Williams has written more than 175 hours of music and comedy for network television programming and was a prime creative force for CBS' controversial Smothers Brothers Comedy Hour. His experience in folk music gave him the background for many of Tom and Dick Smothers' comedy routines and with co-writer Nancy Ames, also composed the show's musical theme.

It was on the Smothers Brothers Comedy Hour that he created and perpetuated the 1968 "Pat Paulsen for President" campaign, an elaborate political satire. Williams also helped launch the career of entertainer Steve Martin. Martin was hired by Williams as a writer on the Smothers Brothers Comedy Hour, for which his contributions were initially paid out of Williams' own pocket. In 1968, he won an Emmy Award for his work as a comedy writer on The Smothers Brothers Comedy Hour.

Other television personalities he has written for include Andy Williams, Glen Campbell, Dinah Shore, Roger Miller, and Petula Clark. In 1980, Williams briefly served as head writer for NBC's Saturday Night Live, but left after clashing with producer Jean Doumanian. In 1988, Williams received his third Emmy nomination as a comedy writer for his work on The Smothers Brothers 20th Reunion Special on CBS.

In February 2000, Williams participated in the U.S. Comedy Arts Festival in Aspen, Colorado. The sixth annual festival honored The Smothers Brothers Comedy Hour and its contribution to television. Williams performed a concert with Tom and Dick Smothers, and again on a late night show with performers that included Catherine O'Hara, Martin Short, Andrea Martin, Steve Martin, Robin Williams, and Marc Shaiman.

Other artistic work
Also a photographer, Williams published a life-sized photo print of a Greyhound bus in the 1960s.

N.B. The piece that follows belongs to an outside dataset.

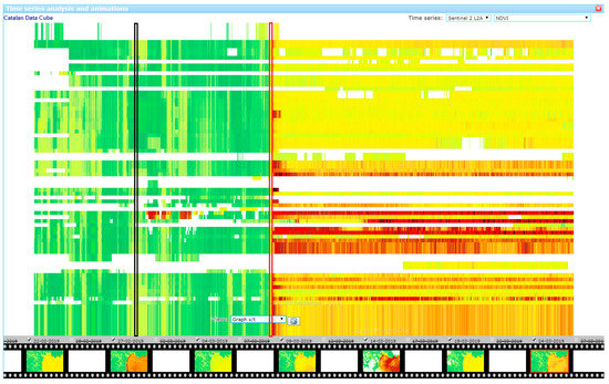 x/t graphic in the Catalan Data Cube. Black and red rectangles show the temporal profile (in vertical starting from above with the first date and ending below with the last date) for the same crop (black) and sand (red) points used in Figure 4.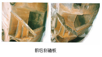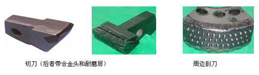 1.6.3 刮碴板的作用是将滚刀破碎的岩碴,及时排出,防止滚刀对岩碴的二次破碎,保护滚刀。前刮碴板主要铲装刀盘前方的落碴,铲装量大,磨损较快,后刮碴板主要铲装下护盾推进中从隧道底部堆积起来的碴石,铲装量小,磨损较小。

He appeared with the print on the cover of his first album, The Mason Williams Phonograph Record.

Environmentalism 
After becoming involved in protests against a Willamette River hydroelectric power project, Williams eventually collected over 400 songs about rivers.

He created a program called Of Time and Rivers Flowing. that encompasses classical, folk, minstrel, gospel, jazz, country, pop & contemporary rock.

Personal life 
Williams married Sheila Ann Massey on April 22, 1961; they had one daughter, Kathryn Michelle, before divorcing.

He remarried, to Katherine Elizabeth Kahn, in February 1994; the couple divorced after ten years.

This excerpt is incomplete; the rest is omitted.